KEY POINTS:
Police have been issuing infringement notices to drivers caught running red lights in a $900,000 Auckland surveillance camera trial at an average rate below one a day.
Two digital red-light cameras appear to have operated for only a fraction of the time in which they have stood sentinel in bullet-proof grey boxes over some of central Auckland's most dangerous intersections since the trial began on May 15.
Yet Auckland City Council has agreed to install three more cameras in coming weeks to increase the trial's enforcement profile and research base.
That will add $100,000 to an initial budget of $800,000 for the six-month trial being shared by the council and the Government before the New Zealand Transport Agency decides whether to fund cameras in other cities.

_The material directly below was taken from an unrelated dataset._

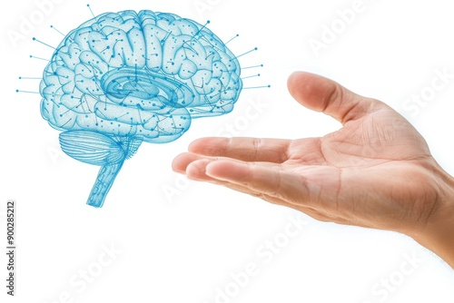 Hand Holding Digital Brain Model with Blue Neural Network Connections

The council says it has been encouraged by information from the police that an average of eight infringement notices are being issued daily, compared with an expectation of about 50 when the trial began, and up to 150 instances of red-light running at some intersections before the camera boxes were installed.
But it has been unable to reconcile the average daily figure with police advice on Friday that just 72 notices had been issued since the trial began 84 days earlier.
That represents an overall average of less than one a day, suggesting the cameras may have been out of operation for long intervals while being rotated around a roster of 10 intersections.
Auckland road policing manager Inspector Ross Endicott-Davies appeared on television on Friday and expressed confidence the camera trial would reduce crashes and injuries and make the streets safer for pedestrians. He confirmed in a phone message that only 72 infringement notices had been issued, following 78 offences snapped on camera. It was not possible to send notices for six offences, because sight lines were obscured by large vehicles.
Auckland City transport committee deputy chairman John Lister said that, as the councillor who launched the camera trial, he was delighted with the low number of infringement notices.
"I said [at the start of the trial] that the only result I really wanted was zero," he said.
Council road safety manager Karen Hay said infringement notices were only part of the trial, in which motorists' behaviour at the 10 intersections covered was being compared with those travelling through 20 other intersections.
Data from electronic loops under the road was producing about three million pieces of information, which had yet to be analysed thoroughly enough for accurate comparisons.
"It's never been about the number of infringements. It's always been about wanting people to feel safe around that. We want to change long-lasting behaviour."